Las finanzas del Gobierno porteño están ajustadas y la falta estructural de fondos comenzó a derramarse en áreas clave que afectan directamente a los vecinos. Y a la gestión. Una de las primeras muestras es la considerable reducción del presupuesto destinado a pavimentar las calles.
El tijeretazo presupuestario es preocupante y este año se redujo con mucho más fuerza que en los años anteriores, algo que preocupa a los técnicos que llevan los números del Ministerio.
En 2008, el primer año de gestión de Maricio Macri, la cantidad de recursos para pavimentar significaba $ 304 millones, en $ 2009 se sintió el primer cimbronazo cuando se recortó hasta los $ 220 millones.

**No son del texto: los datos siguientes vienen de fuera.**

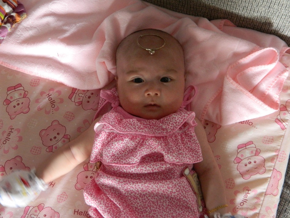 1 เดือน -- อันนี้ โกนผมไฟวันแรกครับ ครบหนึ่งเดือนเด็กปกติต้องโกนผมไฟครับ

Pero el golpe más fuerte llegó este año, con menos de un tercio de lo que se presupuestó para el primer año del PRO en la gestión, con apenas $ 91 millones.
En un esquema de emergencia, los arquitectos financieros del Gobierno debieron tejer un plan para conseguir más fondos para tapar baches, el maquillaje urbano que más beneficia la imagen del jefe de Gobierno y que más gratifica a los vecinos.
La idea es tapar unos 2.500 baches para fin de año, que significaría la mitad de los 5 mil pozos diseminados por las calles de la Comuna.
Para eso se necesitan entre $ 120 y $ 200 millones que deberían ser reasignados presupuestariamente y aprobados por la Legislatura. Por lo que el Gobierno deberá postergar o subejecutar alguna otra partida destinada a obra pública.
Consultados al respecto, voceros del Ministerio de Desarrollo Urbano juraron que no estaban al tanto de tema.
Hace unos días –en un interesante ardid de marketing político– el Gobierno porteño anunció que se arreglará el pavimento de siete avenidas “importantes” como Rivadavia, Libertador, Juan B. Justo y Figueroa Alcorta. Olvidaron mencionar cuál será el triste destino del resto de los baches de la Ciudad.